Direct Line has rejected a £3.3bn takeover bid from Aviva. The bid of 250p per share, represents a 59.7% premium to Direct Line’s share price on 18th November, the day before the proposal was submitted, but Direct Line dismissed it as "highly opportunistic" and "substantially undervalued the company". The board rejected it unanimously. In a separate statement, Aviva said Direct Line had "declined to engage further" since rejecting the offer. Direct Line also rejected a £31.bn offer from Ageas in February.

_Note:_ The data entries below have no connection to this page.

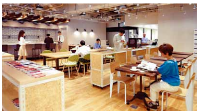
品川産業支援交流施設 (SHIP)

【都市型産業を推進する技術力向上支援/産学公連携の推進/ものづくり次世代人材育成支援/新市場開拓に向けた販路拡大支援、アジア地域等への海外進出支援/品川産業支援交流施設の運営】
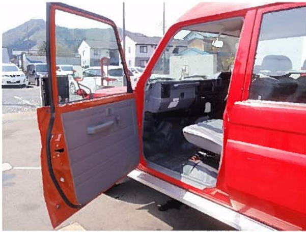
ドア内張り（助手席）
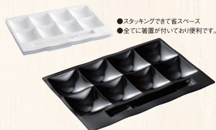
③「和」テイスト ビュッフェプレート 黒 ㊦
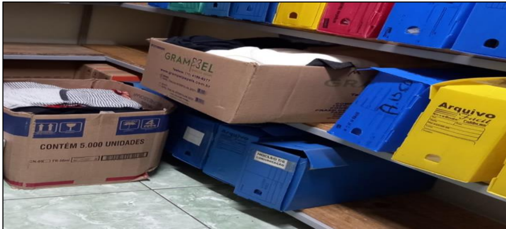
Doações feitas pela Flavia
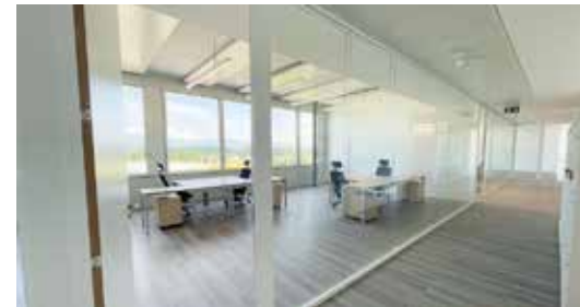
Selexis Genève (Suisse) Une réalisation TRISAX (Suisse)
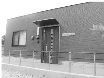
▲いちごルーム外観 (三郷町三室 1-14-2)
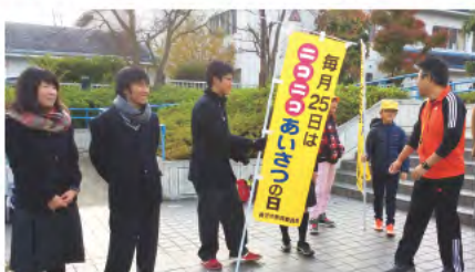
③ ニコニコ挨拶運動(毎月25日実施)
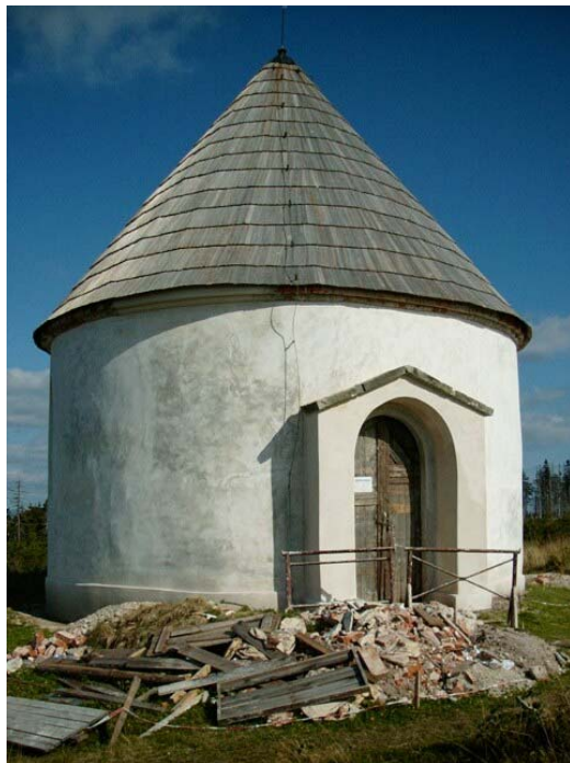
Obr. 9 Kaple při rekonstrukci v roce 2003
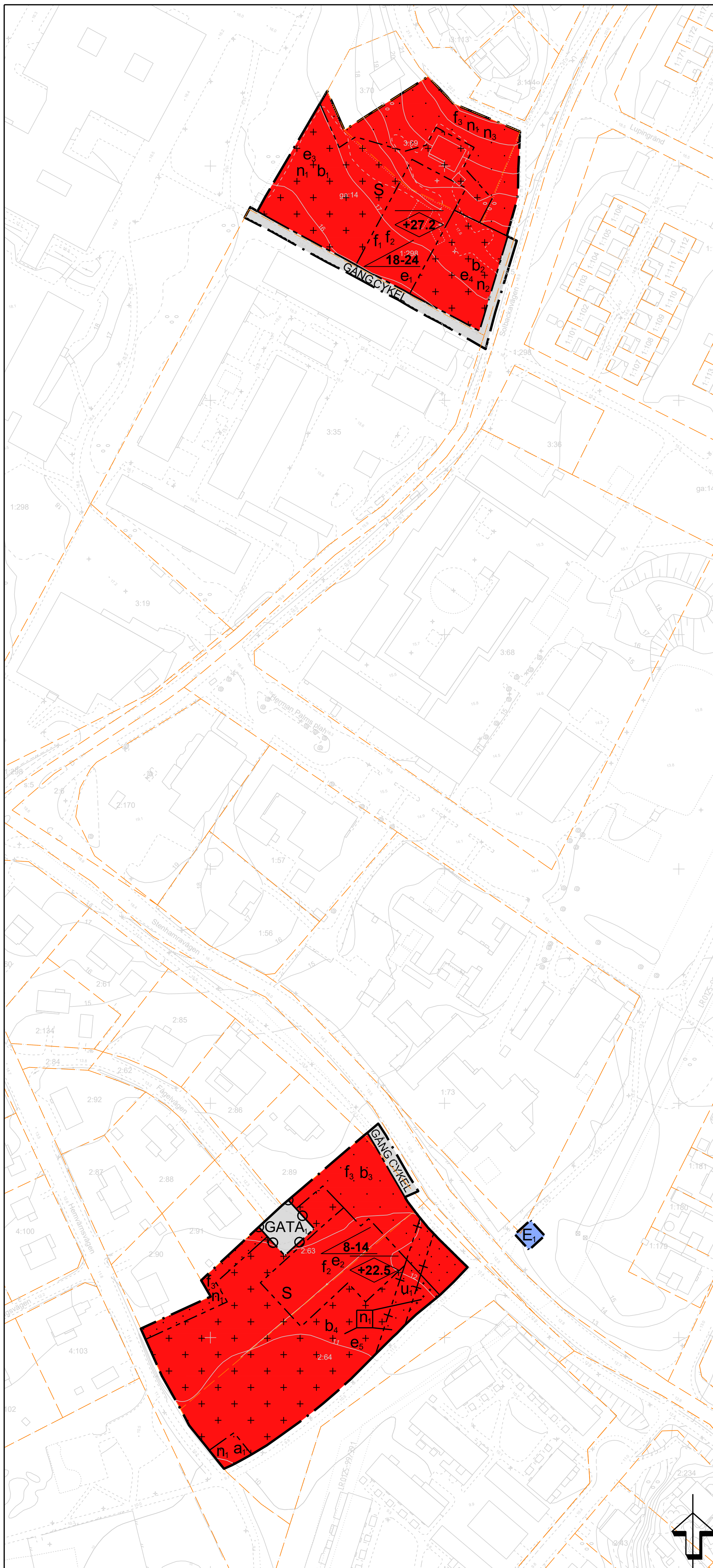
PLANKARTA SKALA 1:1000 (A1) 1:2000 (A3)
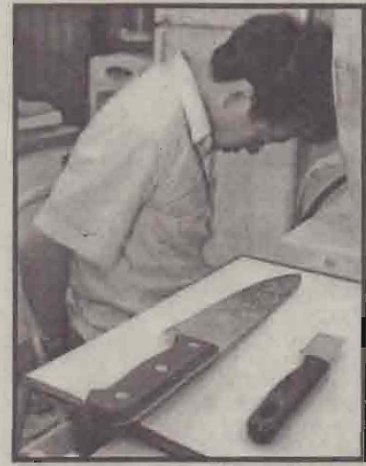
தென்கொரியாவில் சிறுவர்களை வெட்டிய நபர் பொலீஸ் நிலையத்தில் அமர்ந்திருப்பதைப் படத்தில் காணலாம். அவர் பயன்படுத்திய கத்திகளும் அருகில் உள்ளன. சிறுவர்களே அந்த நபரின் வெறித்தாக்குதலுக்கு இலக்கானவர்கள் ஆவர். தாக்குதலுக்குள்ளானவர்களில் முகத்திலும், கழுத்திலும் வெட்டப்பட்ட 3 சிறுவர்கள் ஆபத்தான நிலையில் உள்ளதாக மருத்துவமனை வட்டாரங்கள் தெரிவித்தன.

பாகிஸ்தானிய அரசு 'நடத்தை தெரிமுறைகள்' என்ற பெயரில் பத்திரிகையாளர்களுக்கு சில புதிய கட்டுப்பாடுகளை விதித்துள்ளது. அதன் படி அவதூறாக செய்தி வெளியிடும் பத்திரிகைகளுக்கு ஒரு லட்சம் ரூபா அபராதம் விதிக்கப்படும். இந்தத்தொகையைச் செலுத்தாதவரின்மீது 3 மாதம் சிறைத்தண்டனை அனுப்பிக்கவேண்டும். (உ)
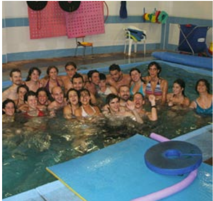
Las personas con parálisis cerebral participan en proyectos de ocio y deporte.

Gandía se mueve para financiar un proyecto de ayuda humanitaria de Cruz Roja para las personas afectadas por el mal de Chagas en los municipios de Aiquile, Omareque y Pasorapa (Cochabamba), Bolivia. El 13 de octubre el grupo boliviano "Los Kjarkas" dio un recital solidario para recaudar fondos. La acción cuenta con la colaboración de la Asociación de Bolivianos Residentes en la Safor y el Ayuntamiento de Gandía.
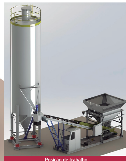
Posição de trabalho
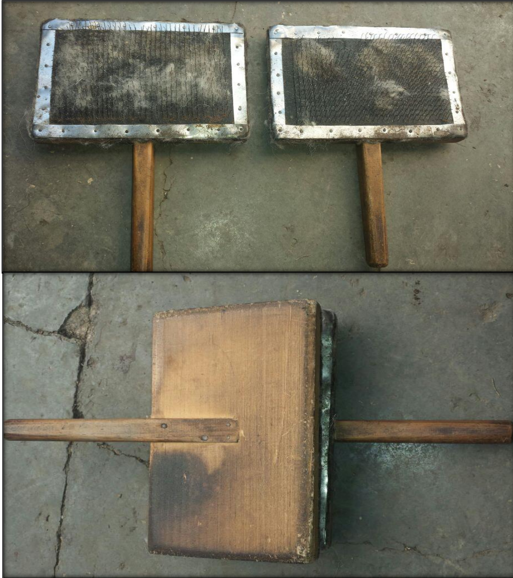
Figura 12. Herramienta tradicional para cardar “calax” o “cardo”.

El precio de esta herramienta varia porque se puede obtener en tres tamaños y de esto dependerá el costo, el grande tiene un precio de quinientos pesos, el mediano trecientos pesos y el chico cien pesos. El más usado es el grande y el pequeño únicamente se les compra a las niñas que están aprendiendo a utilizarlo a la edad de tres y cinco años. Este instrumento puede durar varios años a pesar del ardua trabajo que se realiza con ello, la duración aproximadamente oscila entre los cinco años después de este tiempo las mujeres tienden a
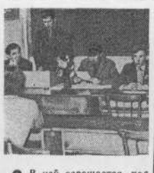
● В ней освещается ход Ленинского зачета, участие молодежи во всех общественных мероприятиях института.
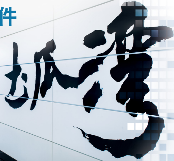
士瓜灣站的合成照片
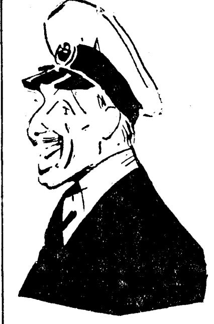
REGELE ALFONS XIII
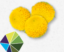
Sechuan Buttons® Tintelend, elektrisch, verdovend

Royal Mail’s sale to Czech billionaire Daniel Kretinsky's EP Group is close to being finalised, the BBC reports, citing sources close to the deal as saying Kretinsky has agreed to make additional concessions which should allow the takeover to proceed. EP Group has been meeting with The Communication Workers Union (CWU) this week, and talks are said to have been "constructive". Kretinsky has already pledged to maintain the "one price goes anywhere" universal service; not to raid the pension surplus; keep the brand name, Royal Mail's headquarters, and tax residency in the UK for the next five years; and respect union demands for no compulsory redundancies before next year. The board of International Distribution Services (IDS), which owns Royal Mail, has recommended Kretinsky’s £3.6bn offer price to its shareholders. Even if they vote in favour however, as is expected, the deal will still have to be approved by Ministers under the National Security and Investment Act.
Marc Allera is stepping down as CEO of BT Group’s consumer division on 31st March next year. Claire Gillies will take over as CEO-designate on 10th December, kicking off a transition process.